::: Provided data :::
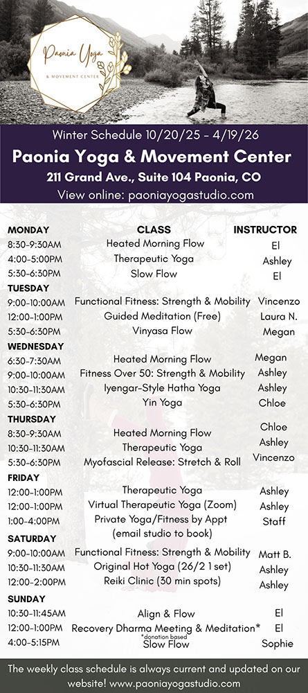 Drop-ins welcome, mats provided, the studio is centrally located across from Town Hall in the heart of downtown Paonia. This woman-owned and operated local business appreciates your support! You can also follow us on Facebook and Instagram to learn more about us and for updates and schedule changes.
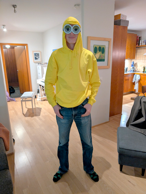 Bjarki and his buddies were going as minions! One of his friends 3D printed googly-eye-masks!
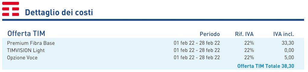 Ho la connessione TIM FTTH attiva dal 06/02/2020, "Premium Fibra Base" senza modem e con l'opzione (obbligatoria a 5€ al mese) Voce.
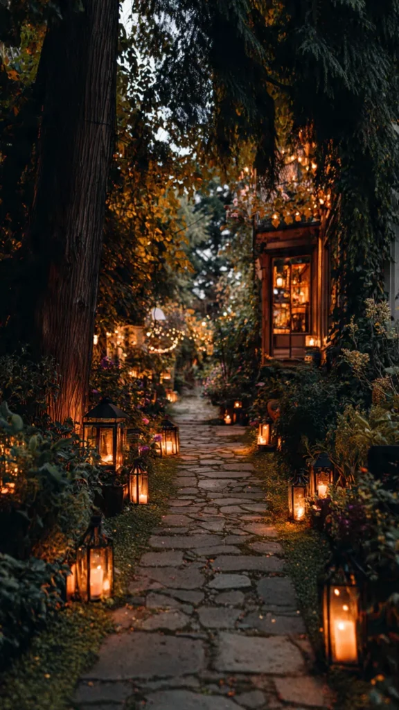 Lanterns lining the walkway guide you through the yard with gentle, romantic light. It feels like the beginning of a love story with every step. I always find lanterns so calming. Doesn’t that soft glow set the tone perfectly?
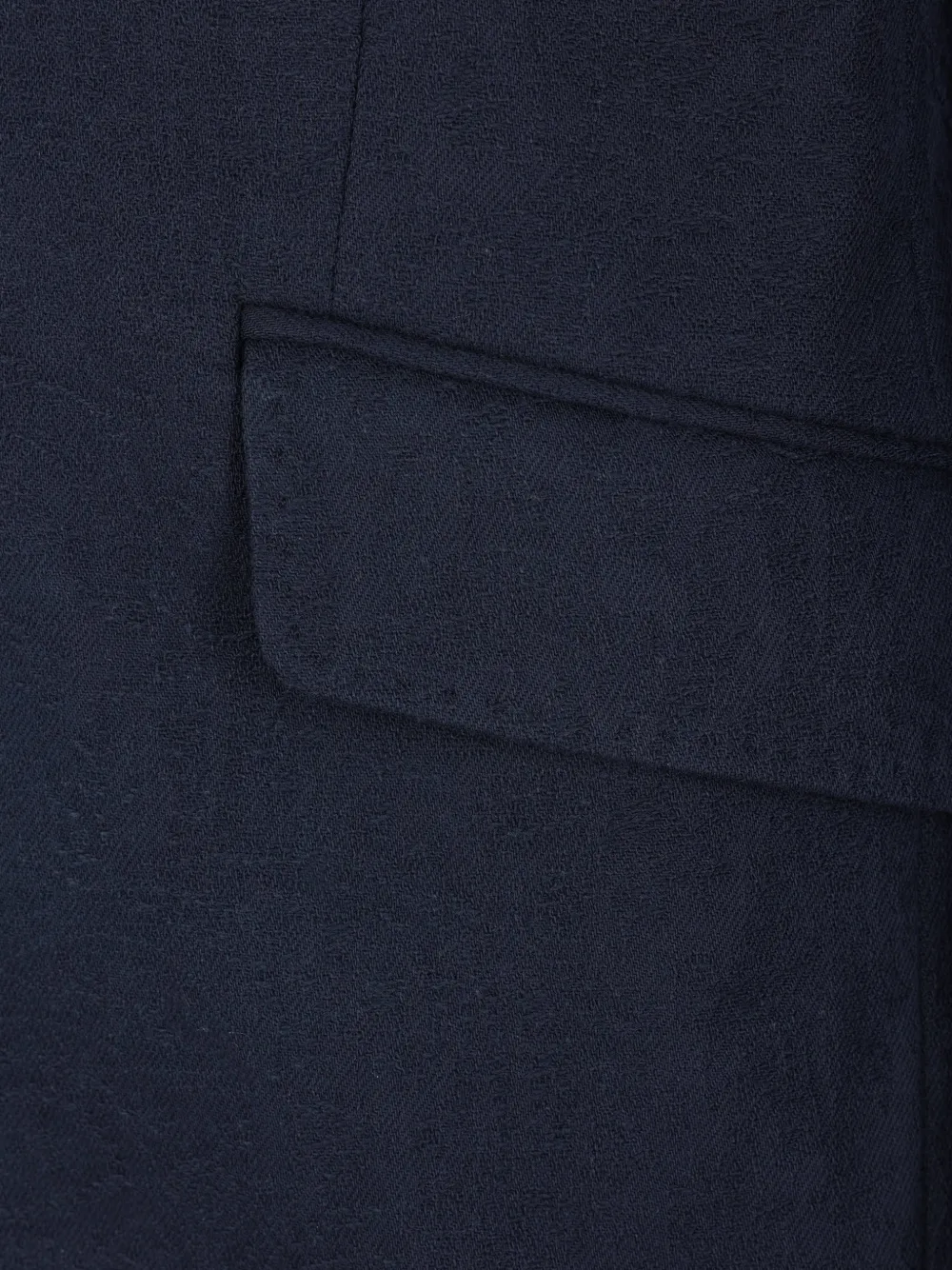 Синяя подкладка с принтом «пейсли», застежка на пуговицы, нагрудные карманы с клапанами, лацканы с вырезом, длинные рукава
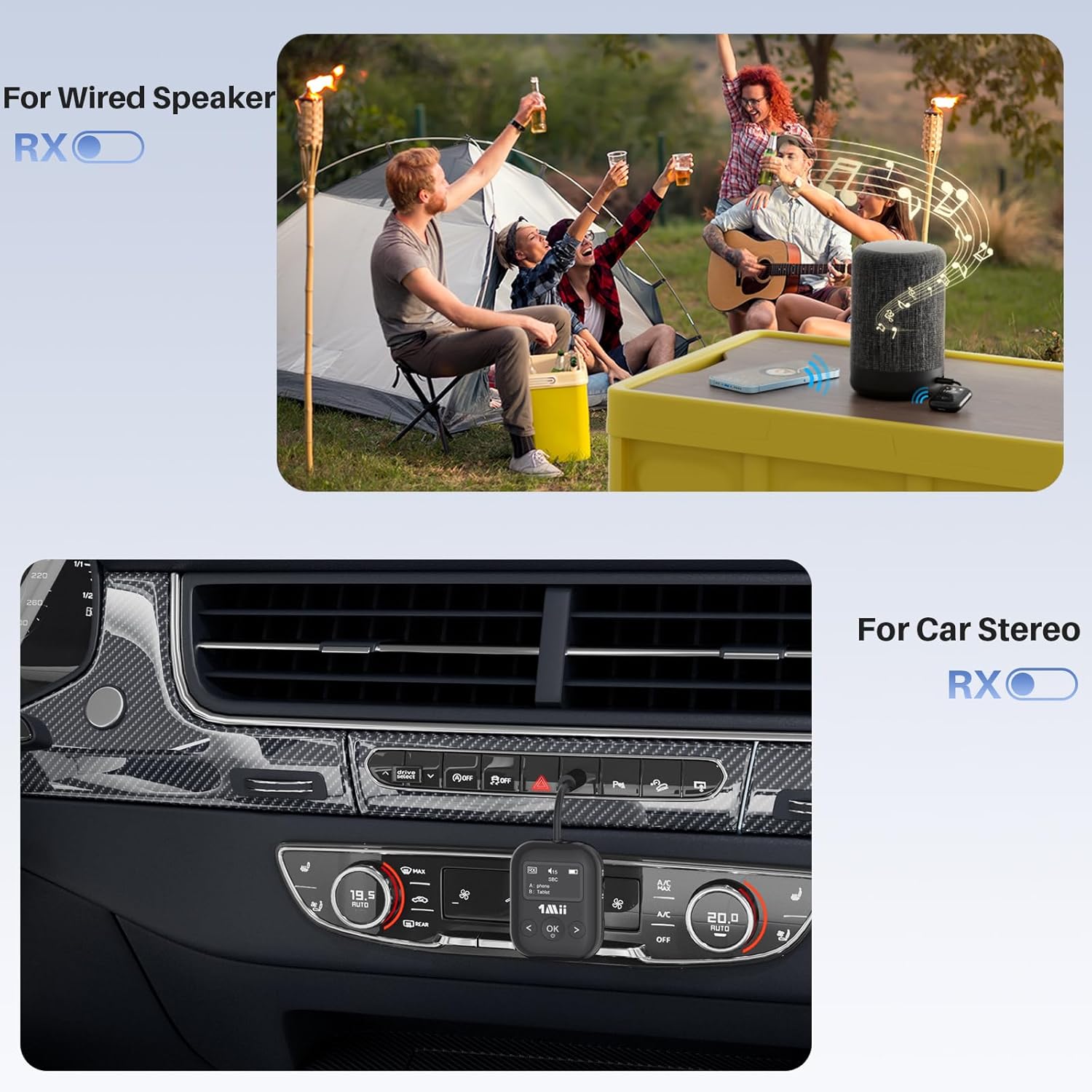 - 【2-in-1 Bluetooth Transmitter Receiver】 In transmitter mode, 1Mii Bluetooth transmitter allows you to stream audio from your no-Bluetooth device like TV, PC, airplane/gmy entertainment systems to your Bluetooth headphones/speaker. In receiver mode, 1Mii Bluetooth audio adapter allows you to connect the Bluetooth of your phone/tablet to your wired speaker, earphones, car stereo, home stereo.
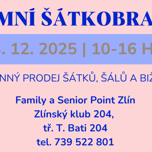 Dobročinný prodej drobné bižuterie, kterou přinesli naši příznivci. Přijďte udělat (před)vánoční radost sobě nebo někomu jinému. Výtěžek z akce bude určen pro Family a Senior Point Zlín. Děkujeme za podporu.
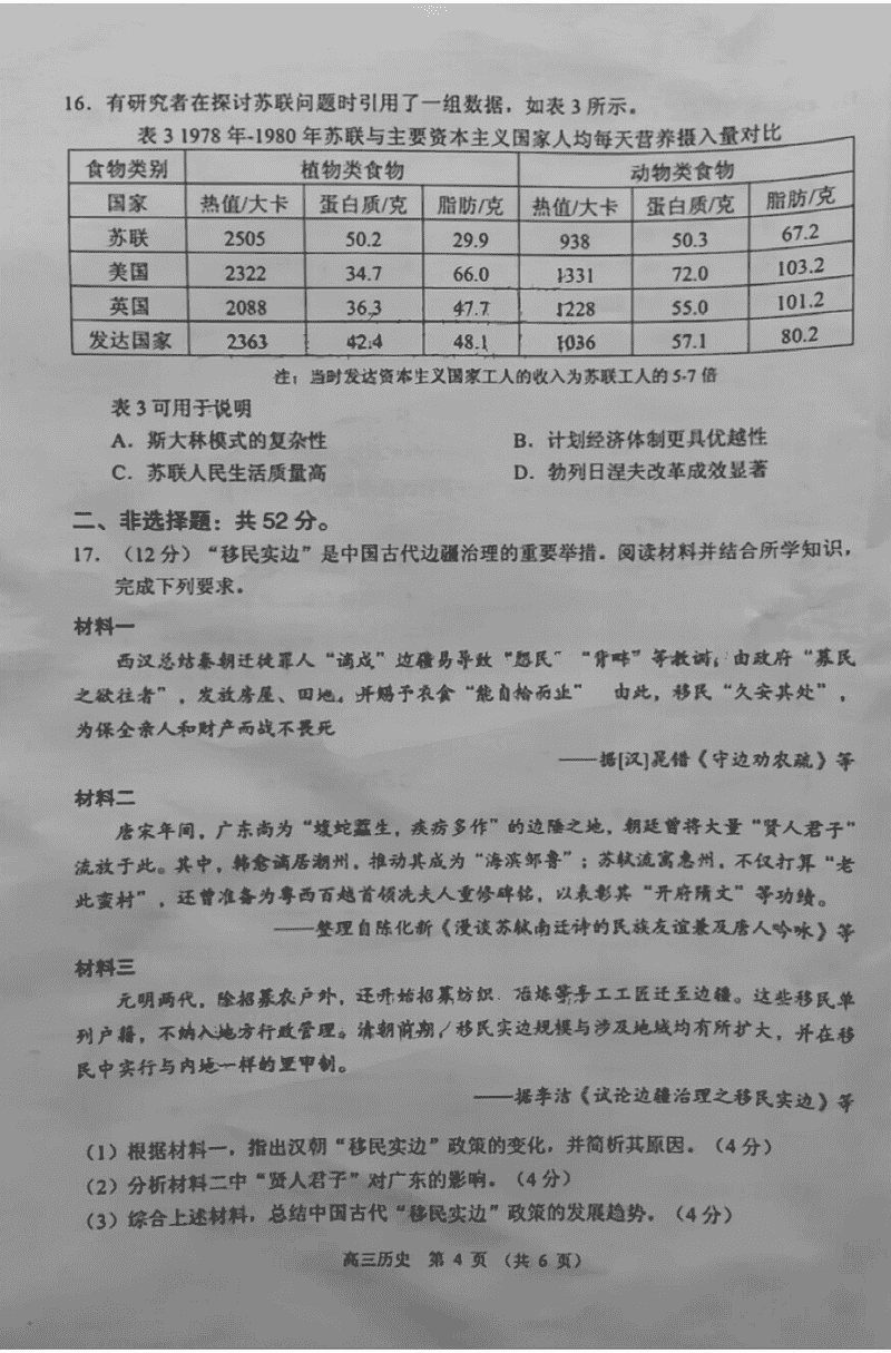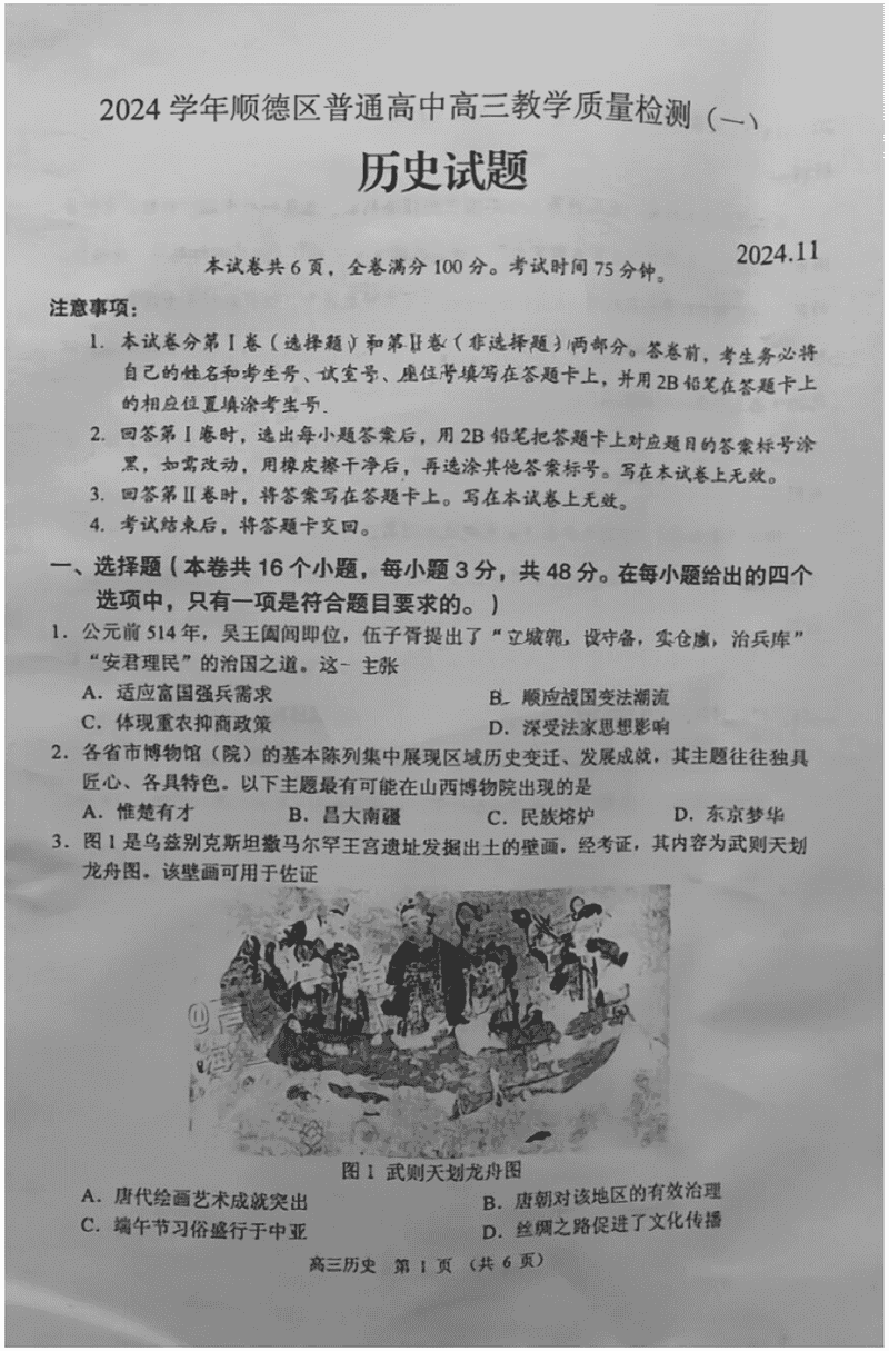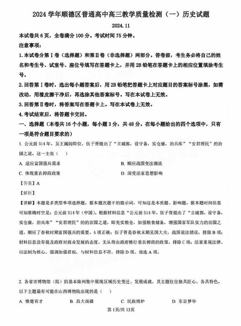 佛山顺德区2024学年高三教学质检(一)历史试题及答案
:::
Task | Give an exact copy of the entries, excluding all pictures.

Answer for the task |
 Drop-ins welcome, mats provided, the studio is centrally located across from Town Hall in the heart of downtown Paonia. This woman-owned and operated local business appreciates your support! You can also follow us on Facebook and Instagram to learn more about us and for updates and schedule changes.
 Bjarki and his buddies were going as minions! One of his friends 3D printed googly-eye-masks!
 Ho la connessione TIM FTTH attiva dal 06/02/2020, "Premium Fibra Base" senza modem e con l'opzione (obbligatoria a 5€ al mese) Voce.
 Lanterns lining the walkway guide you through the yard with gentle, romantic light. It feels like the beginning of a love story with every step. I always find lanterns so calming. Doesn’t that soft glow set the tone perfectly?
 Синяя подкладка с принтом «пейсли», застежка на пуговицы, нагрудные карманы с клапанами, лацканы с вырезом, длинные рукава
 - 【2-in-1 Bluetooth Transmitter Receiver】 In transmitter mode, 1Mii Bluetooth transmitter allows you to stream audio from your no-Bluetooth device like TV, PC, airplane/gmy entertainment systems to your Bluetooth headphones/speaker. In receiver mode, 1Mii Bluetooth audio adapter allows you to connect the Bluetooth of your phone/tablet to your wired speaker, earphones, car stereo, home stereo.
 Dobročinný prodej drobné bižuterie, kterou přinesli naši příznivci. Přijďte udělat (před)vánoční radost sobě nebo někomu jinému. Výtěžek z akce bude určen pro Family a Senior Point Zlín. Děkujeme za podporu.
 佛山顺德区2024学年高三教学质检(一)历史试题及答案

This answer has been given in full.